Research Tales from the Clardy Laboratory: Function-Driven Natural Product Discovery.
Taise T H FukudaChelsi D CassillyJoseph P GerdtMatthew T HenkeEric J N HelfrichEmily MeversPublished in: Journal of natural products (2020)
Over the past 70 years, the search for small molecules from nature has transformed biomedical research: natural products are the basis for half of all pharmaceuticals; the quest for total synthesis of natural products fueled development of methodologies for organic synthesis; and their biosynthesis presented unprecedented biochemical transformations, expanding our chemo-enzymatic toolkit. Initially, the discovery of small molecules was driven by bioactivity-guided fractionation. However, this approach yielded the frequent rediscovery of already known metabolites. As a result, focus shifted to identifying novel scaffolds through either structure-first methods or genome mining, relegating function as a secondary concern.

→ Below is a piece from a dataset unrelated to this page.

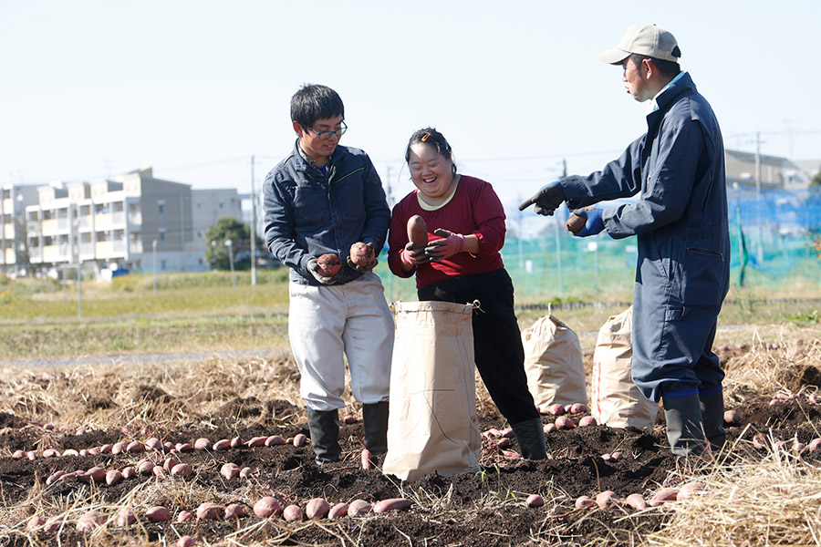 就労継続支援である「就労支援センター北勝園みなと館」は障がいを持つ方を対象に、就労に必要な知識の獲得や能力の向上をサポートしています。北水会ファーム(西十三奉行)での農作物の生産、農作物の加工(干し芋づくりなど)の生産活動やリサイクル活動、野菜やパンの販売活動に「仕事」として従事し、生を生きとした生活を送れるよう活動しています。

Over the past two decades, the laboratory of Jon Clardy has taken an alternative route and focused on an ecology-driven, function-first approach in pursuit of uncovering bacterial small molecules with biological activity. In this review, we highlight several examples that showcase this ecology-first approach. Though the highlighted systems are diverse, unifying themes are (1) to understand how microbes interact with their host or environment, (2) to gain insights into the environmental roles of microbial metabolites, and (3) to explore pharmaceutical potential from these ecologically relevant metabolites.